Disclosure of Invention
The invention aims to provide a novel power pipeline inspection robot structure device.
In order to achieve the purpose, the technical scheme adopted by the invention is as follows: a novel power pipeline inspection robot structure device comprises a cloud deck, a vehicle body, an adjusting ring, a supporting arm, a parallel arm, a driving mechanism, a synchronous belt, a mileage wheel, a rotating motor and an ultrasonic probe, wherein the front end part of the inspection robot structure is formed by connecting the cloud deck and the vehicle body; the two driving mechanisms are arranged on two sides of the mileage wheel.
Compared with the prior art, the invention has the following remarkable advantages: 1) the crawler-type pipeline robot has the advantages of large supporting area, small specific pressure, small crawling resistance, good passing performance, and superior performance to pipeline robots of other moving modes in climbing, obstacle crossing and the like.

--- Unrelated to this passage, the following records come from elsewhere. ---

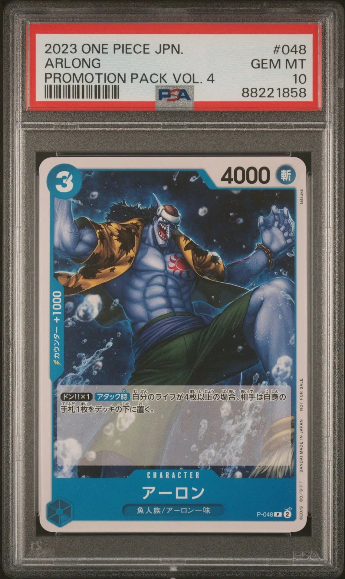 2023 One Piece JPN.: P-048 Arlong (Promotion Pack Vol.4) PSA GEM MT10!!ATTENZIONE: Il prodotto viene spedito sigillato in una sleeve per carte gradate marca Beckett Shield. Lo Staff si assicurerà inoltre di spedire il prodotto adeguatamente protetto ed imballato.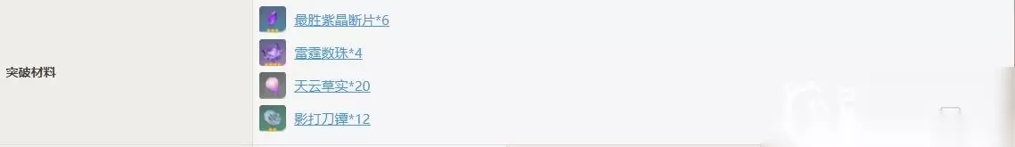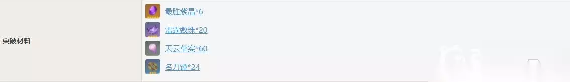 一:突破材料详情 1. 20级突破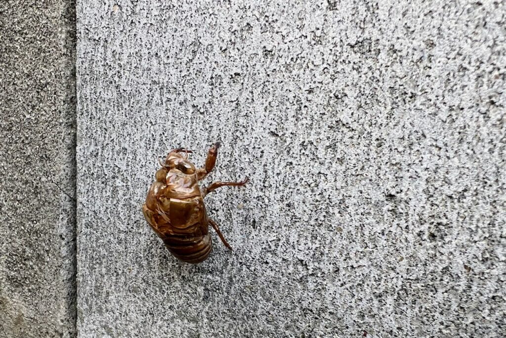 店先でセミの抜け殻を発見。

2) This crawler-type pipeline robot radial evenly distributed's three track all has motor drive separately, can the rotation of independent control track stop, when needs redirecting, one side track speed reduces or stops, and the both sides track is with higher speed to rotate in addition, just can realize the transformation of direction. 3) The crawler belt has crawler teeth on two symmetrical surfaces, so that the crawler belt is firm in ground gripping, not easy to slip, good in adhesion and beneficial to exerting larger traction force. 4) The crawler-type pipeline robot can actively adapt to pipelines with different pipe diameters, and is wide in application range.
Drawings
Fig. 1 is a top view of a tracked pipeline robot provided by an embodiment of the invention.
Fig. 2 is a rotary sectional view of a tracked pipeline robot provided by the embodiment of the invention.
Fig. 3 is a left side view of the tracked pipeline robot provided by the embodiment of the invention.
Detailed Description
The pipeline robot is simple in structure, convenient to operate and high in reliability. The crawler-type wired control structure mode is adopted, and a novel multi-section type mechanism and wireless intelligent control can be adopted. The driving wheel of the driving part adopts an inclined design and can walk in a circular power pipeline. The electric pipeline robot carrying platform is a platform which takes a motion mechanism as a carrier and can selectively carry related detection instruments according to tasks. The device is mainly used for rapid detection and diagnosis in the electric power pipeline, is provided with a powerful illumination light source and a portable control system, and is very suitable for the field and mobile workplaces, including pipelines with or without cables in the pipeline.
With reference to fig. 1, the novel power pipeline inspection robot structure device comprises a cradle head 1, a vehicle body 2, an adjusting ring 3, a supporting arm 4, a parallel arm 5, a driving mechanism 6, a synchronous belt 7, a mileage wheel 8, a rotating motor 9 and an ultrasonic probe 10, wherein the front end part of the inspection robot structure is formed by connecting the cradle head 1 and the vehicle body 2, the adjusting ring 3 is connected to the rear of the vehicle body 2, the driving mechanism 6 is connected to two sides of the main part of the inspection robot structure through the supporting arm 4 and the parallel arm 5 and is connected with the synchronous belt 7, the main part of the inspection robot structure is the mileage wheel 8, the rotating motor 9 is arranged at the lower end of the mileage wheel 8, and the ultrasonic probe 10 is connected to the tail part of the rotating motor 9; two drive mechanisms 6 are provided on both sides of the mileage wheel 8.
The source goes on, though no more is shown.